A number of factors appear to be moving markets around on Thursday. In addition to the usual rumors of a “large seller” hitting the sell button, there are at least two developments that are getting a lot of attention:
1) Richard Fisher, the head of the Dallas Federal Reserve, said early Thursday that the Fed may start raising rates in the spring of 2015—earlier than most expected. Of course he is a hawk, but the comments were widely passed around, and he seems to be getting a bit louder as he gets closer to stepping down next April.
In particular, Fisher said “We’re beginning to see extreme risk taking in the junk bond markets.” Not surprisingly, high yield exchange-traded funds (ETFs) like the iShares High Yield ETF and the SPDR High Yield ETF are down about a half-percent (very large decline for a bond fund) on heavy volume.
Those “sooner rather than later”-style comments are also weighing on Emerging Markets, which are very interest rate sensitive. There is heavy volume in the iShares Emerging Markets ETF, which is down two percent, and single country emerging market ETFs like Turkey, or India.
2) There are vague reports the Russian government may enact a law to seize foreign assets on Russian territory, likely in response to Western sanctions. Italian tax police seized property belonging to Arkady Rotenberg, a longtime ally of Russian president Vladimir Putin, earlier this week.
Why is this important? Europe is already in a period of flat growth, despite keeping rates low. Any escalation of the tensions could throw Europe into negative growth and, down the road, back into recession.That is the main issue.
The German market weakened when that story first came out at before the Wall Street opened for business, but the slide really accelerated after the opening bell.
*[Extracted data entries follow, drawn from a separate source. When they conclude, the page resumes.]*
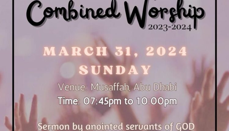 അബുദാബി : അബുദാബി പെന്തക്കോസ്തൽ ചർച്ചസ് കോൺഗ്രിഗേഷൻ 2023 – 24 ( APCCON ) പ്രവർത്തന വർഷത്തെ അടുത്ത സംയുക്ത ആരാധന മാർച്ച് 31 ഞായറാഴ്ച വൈകിട്ട് 07:45 മുതൽ 10:00 മണി വരെ അബുദാബി മുസഫയിൽ വച്ച് നടത്തപ്പെടും. പ്രസ്തുത മീറ്റിംഗിൽ അപ്കോൺ ക്വയർ ഗാനങ്ങൾ ആലപിക്കും. അനുഗ്രഹീത ദൈവദാസന്മാർ ദൈവവചനത്തിൽ നിന്നും ശുശ്രൂഷിക്കും. മീറ്റിങ്ങിന് അപ്കോൺ പ്രസിഡന്റ് Pr. എബി എം വർഗീസ്, വൈസ് പ്രസിഡന്റ് Pr. സജി വർഗീസ്, സെക്രട്ടറി Bro. ജോഷ്വാ ജോർജ് മാത്യൂ തുടങ്ങിയവർ നേതൃത്വം നൽകും.
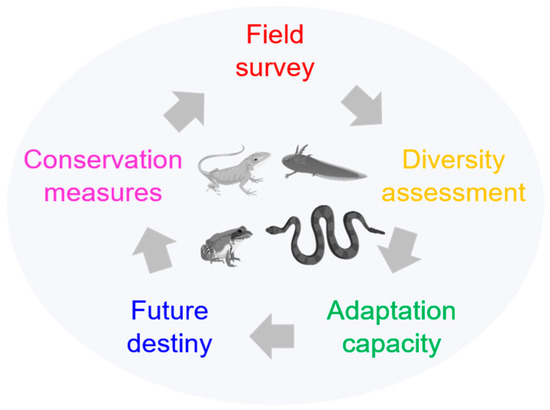 Despite the notable achievements in research on the diversity and conservation of amphibians and reptiles, many questions still require more detailed and thorough answers. With the diversification of sequencing techniques and their decreasing costs, future studies may expand genetic diversity analysis and environmental adaptation to the whole-genome level [30]. Herpetologists might consider initiating an amphibian and reptile genome project with extensive taxonomic and phylogenetic coverage, similar to the efforts made for birds, fish, and mammals. Furthermore, future studies could explore the role of commensal microbiomes in amphibian diversity, environmental adaptation, and conservation. Increasing evidence indicates that the stability and function of host-associated microbiota (e.g., cutaneous and gut microbiota) are crucial to the fitness of animal hosts [31,32,33]. This is also true for amphibians and reptiles [4,34,35]. On the one hand, the susceptibility of host-associated microbiota can mediate the impacts of environmental disturbances on animal hosts [36,37,38]. On the other hand, host-associated microbiota can also help hosts cope with environmental stress [39,40]. For example, skin microbes on frogs prevent morbidity and mortality caused by lethal skin fungi. This insight may represent a target for altering the physiological status of these animals, thereby informing conservation measures for endangered amphibians and reptiles.
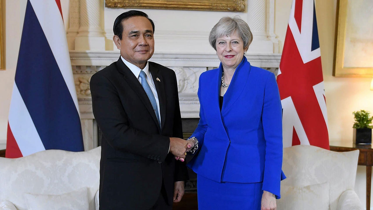 นางเทเรซา เมย์ นายกฯ อังกฤษ เปิดบ้านเลขที่ 10 Downing Street ให้การต้อนรับ พร้อมจับมือทักทาย พล.อ.ประยุทธ์ จันทร์โอชา นายกฯ และหัวหน้า คสช. ระหว่างการเยือนสหราชอาณาจักร ซึ่งถือเป็นครั้งแรกในรอบ 4 ปี.
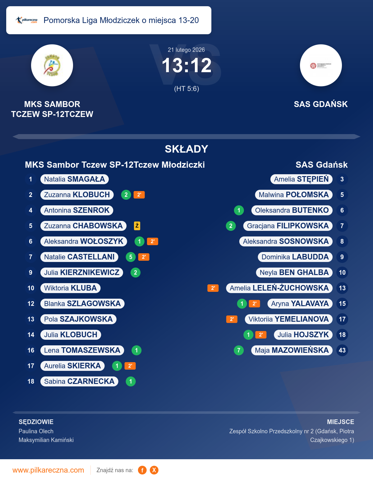 MKS Sambor Tczew SP-12Tczew Młodziczki 13–12 SAS Gdańsk
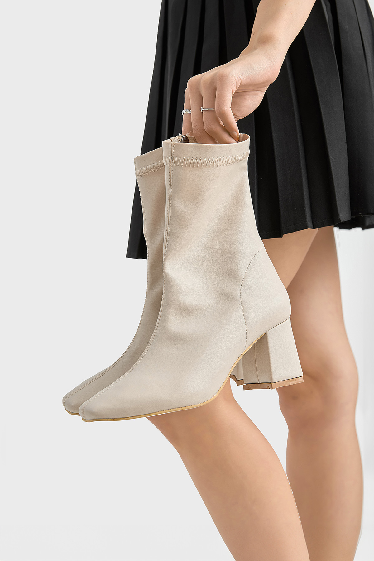 Kadın Bej TPU Taban Küt Burunlu Fermuarlı Topuklu Bot Kadın Bej TPU Taban Küt Burunlu Fermuarlı Topuklu Bot TBFZLCMC080 40
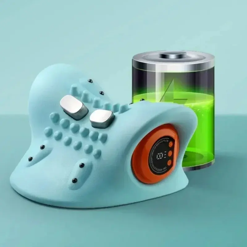 Electric cervical traction massager, neck massager, EMS relaxation and heating kneading massage pillow, ergonomic headrest, for adult neck repair traction, electric neck and head acupoint massage, home relaxation tools, USB charging
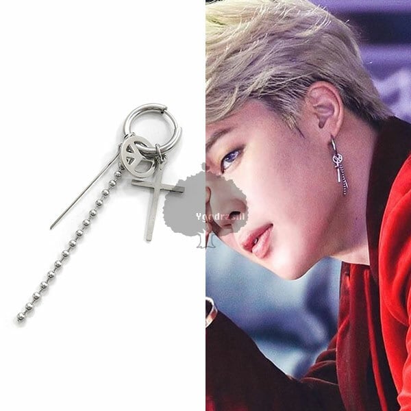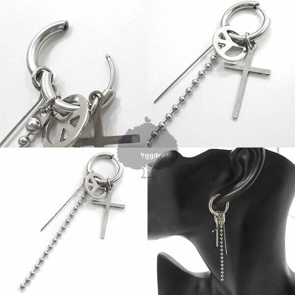 商品名:YGG★新品 PEACE クロス 十字架 バー チェーン 4トップ ピアス 1個 シングル 片耳用 シルバー BTS jimin ジミン着
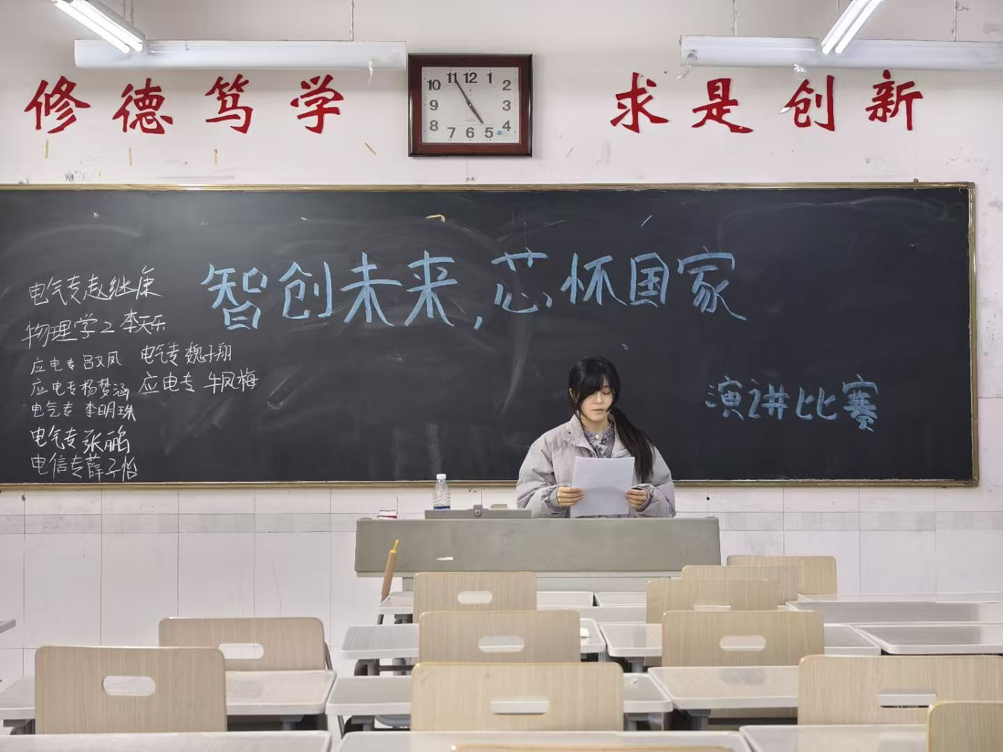 比赛伊始,主讲人紧扣电子信息领域前沿发展趋势,以“演讲为桥,科创为核”为核心理念,引导参赛学子结合专业所学与实践积淀,分享对电子技术的探索心得,抒发对家国使命的深刻体悟。参赛选手们依次登台,围绕物联网技术创新、芯片研发攻坚与新能源电路优化设计分享实践经验与心得体会。他们的分享既有对专业知识的深度拆解,也有对科创实践的生动复盘,更饱含着青年学子投身电子信息产业、助力核心技术自主可控的赤诚之心,赢得了现场阵阵掌声。

There are other issues that may also be playing into the decline, including the continuing strength in the dollar (bad news for exporters), and the fact that trader participation is much lighter due to the Rosh Hoshana holiday.
Despite the concerns, bear in mind that the rise in the CBOE Volatility Index (VIX), at 15.8, is still relatively muted. My rule of thumb is it starts to get important when this goes over 20, which hasn’t happened since February.